Making a difference in maternal mortality

It isn't that childbirth is more inherently dangerous in countries where many women die in childbirth than in those where relatively few die. The women who survive, statistically speaking, are getting appropriate help from trained attendants.

"...The main complications that lead to death during pregnancy or childbirth are fairly common among all women, regardless of where they live," write the authors of an article titled "Are We Making Progress in Maternal Mortality?" in the May 26 issue of the New England Journal of Medicine.Pregnant Graffiti

Hemorrhage, which most often occurs right after birth, is the leading cause of pregnancy-related deaths globally, accounting for 35 percent of all deaths in childbirth, according to the World Health Organization. And in fact, hemorrhage was the second most common complication seen in pregnancies in the United States in 2000.
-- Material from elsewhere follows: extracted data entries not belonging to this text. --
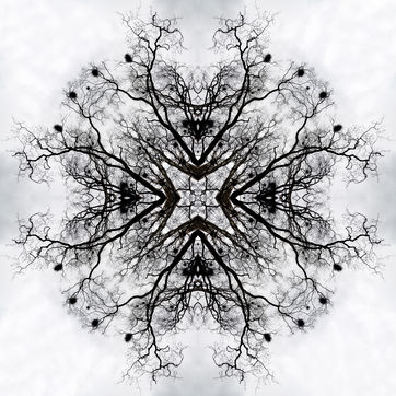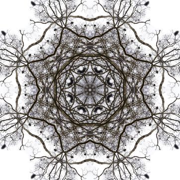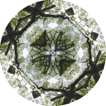 Avec ces Mandalarbres, je me suis laissée (em)porter par mon attraction pour les arbres (tous les arbres), mon amour des mathématiques (de la géométrie, des symétries), ma propension à réorganiser la vie pour faire émerger d'autres dimensions (consciences et inconscientes, réelles et imaginaires, visibles et invisibles), et mes tentatives répétées d'incarner la partie et le tout dans une même représentation dans l'espoir de montrer que tout est interconnecté (car nous - quel que soit ce nous - n'existons pas sans les autres - quels que soient ces autres, par delà les frontières géographiques et temporelles). A mes yeux, il y a de l'infiniment grand et de l'infiniment petit dans ces Mandalarbres.
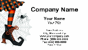 A whimsical business card for costume shops, Halloween retail, events or parties. Design includes orange and black witch leg with spider and web. |
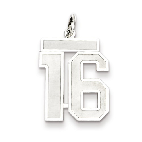 Sterling silver medium number 16 charm has a satin finish. Number measures 5/8 inch tall without bail. Weight: 0.93 grams. Fits up to a 3mm wide chain. Made in USA.
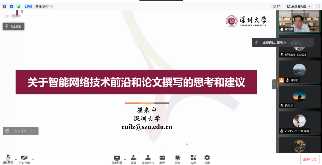 2022年4月20日晚六点半,伟德国际1946集团计算机公司研究生学术沙龙第十五期(线上特别版)暨《论文写作指导》课程第四讲顺利开讲,本期特别邀请到了深圳大学计算机与软件公司教授,博士生导师崔来中老师。崔教授以“关于智能网络技术前沿和论文撰写的思考及建议”为题目,为同学们带来论文写作指导课程的最后一讲,也意味着线上特别版研究生学术沙龙告一段落。
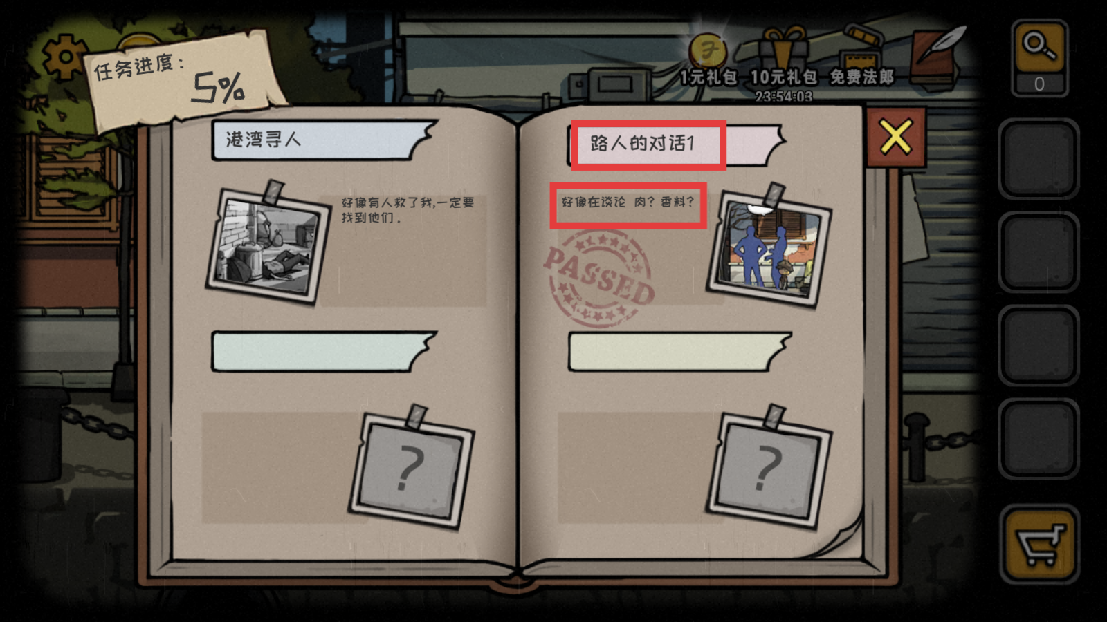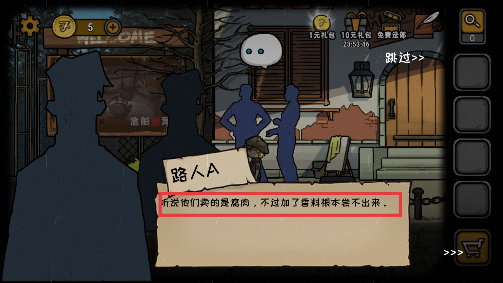 4、留意【路人A】的对话,“听说他们卖的是腐肉,不过加了香料根本尝不出来”,这些对话是重要线索,要仔细记录分析。
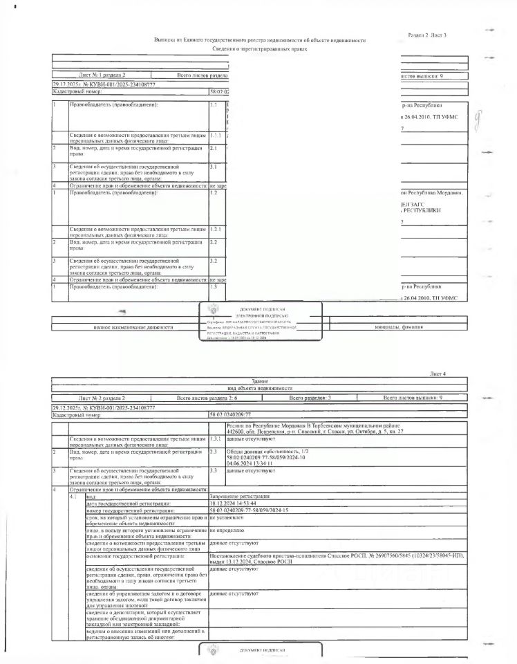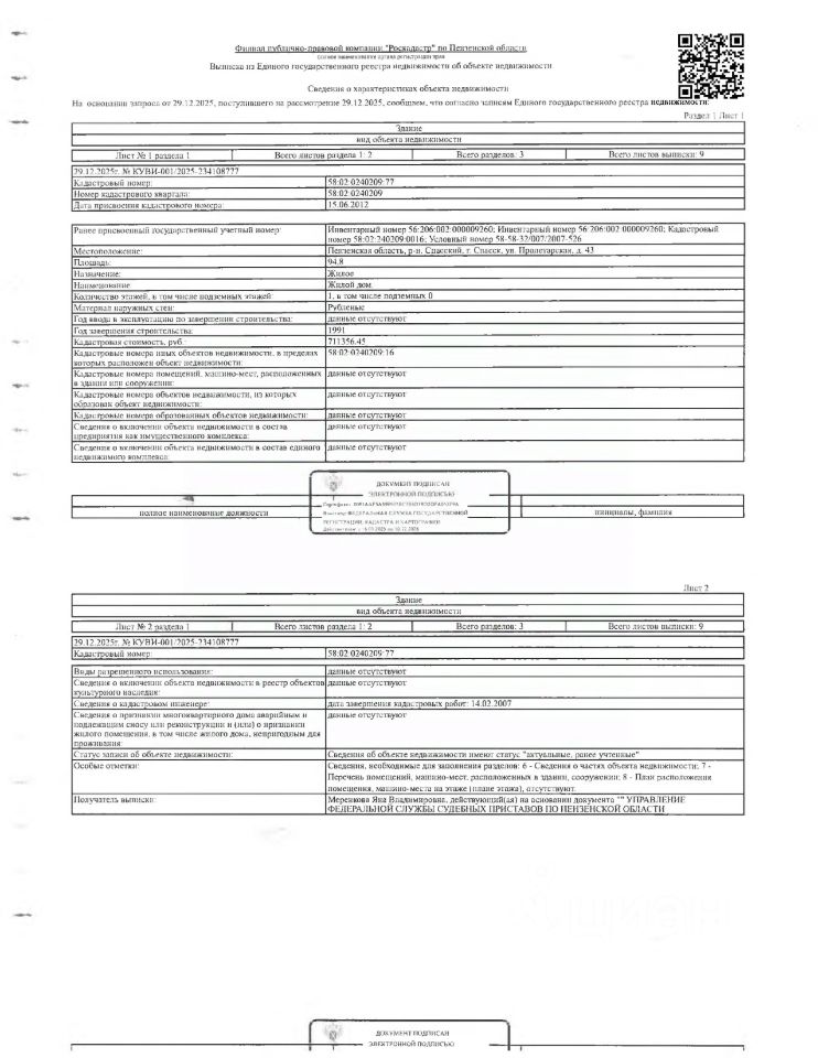 Жилой дом площадью 94,8 кв.м., кад. 58:02:0240209:77, и земельный участок площадью 1080+/-4 кв.м., кад. 58:02:0240209:16, принадлежащее на праве общей долевой собственности Паршиной Н.М, Паршиной Я.А., Паршину Н.П. Сведениями о зарегистрированных лицах, о фактическом состоянии имущества, о задолженности по коммунальным платежам и взносам на капитальный ремонт организатор торгов не располагает. Техническая документация и фотографии объектов организатору торгов не передавались.
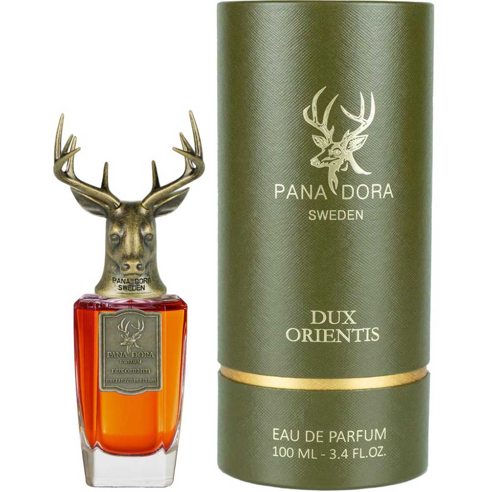 Das Design des Flakons spiegelt die majestätische Aura des Inhalts wider. Gekrönt von einer kunstvoll gestalteten, goldfarbenen Hirschskulptur, wirkt der Flakon wie ein Artefakt aus einer längst vergangenen Epoche. Der Körper des Flakons zeigt sich in einem warmen Bernsteinton, der das Licht auf faszinierende Weise einfängt und die Tiefe und Komplexität des Duftes symbolisiert. Die klare Glasstruktur verleiht dem Flakon eine elegante Schlichtheit, während die markante Metallplakette mit der Aufschrift "Pana Dora Sweden" das Design stilsicher abrundet. Dieses Zusammenspiel aus Form und Material schafft ein visuelles Erlebnis, das die Geschichte und den Geist des Parfums eindrucksvoll widerspiegelt.
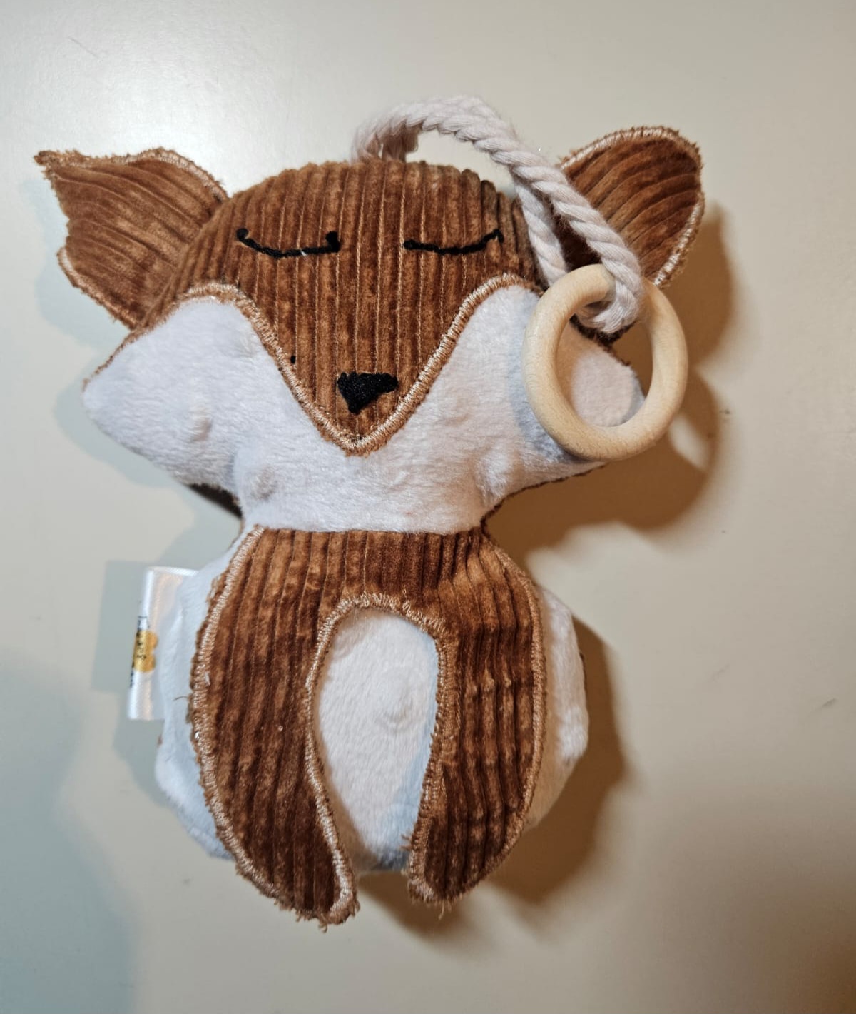 Le ptit doudou peluche accompagnera vos trésors, lors des balades, des dodos, des moments de jeux, de la naissance et au delà. Un anneau en bois de hêtre non traité y est cousu, très pratique pour les dents de bébé. Du papier froissé spécial peluches a été cousu dans les pattes et le museau pour rendre ludique et pour faire découvrir de petits bruits tout doux.

However, most U.S. women who suffered hemorrhage were treated quickly, and survived, say the article's authors, Anne Paxton and Tessa Wardlaw.

WHO identified the second most common cause of maternal death as hypertensive disorders — pre-eclampsia/eclampsia, for example. Again, these disorders are a common problem all over the world, but women with access to good medical care have a good chance of surviving them.

The countries that are most dangerous for pregnant women are those suffering through wars, or burdened with a large population with HIV/AIDS, the authors write.

In general, poor women die in childbirth more often than affluent ones, rural women more often than urban ones. These populations are more vulnerable because they often deliver their babies without the benefit of skilled birth attendants, and lack access to obstetrical services like surgery by Cesarean section.

Sub-Saharan Africa, with widespread political unrest and HIV/AIDS infection, "has the greatest burden of maternal mortality," even though most countries there are seeing "small but promising" decreases in pregnancy-related deaths.

Worldwide, there is considerable cause for hope, Paxton and Wardlaw write. Maternal mortality has decreased globally by more than one-third since 1990, according to United Nations estimates.

"Dramatic improvements in China and other Asian countries...are associated with economic improvement, decreasing fertility rates and strengthening of health systems...," the authors write.

"The overall rate of decline in global maternal mortality, 2.3 percent, is lower than the 5.5 percent MDG target but is heartening nonetheless," they write.

Image: "Pregnant Graffiti" by Petteri Sulonen


Priority medicines for mothers and children

The World Health Organization has published a list of 30 medicines that can make the difference between life and death for mothers and children younger than 5 years of age.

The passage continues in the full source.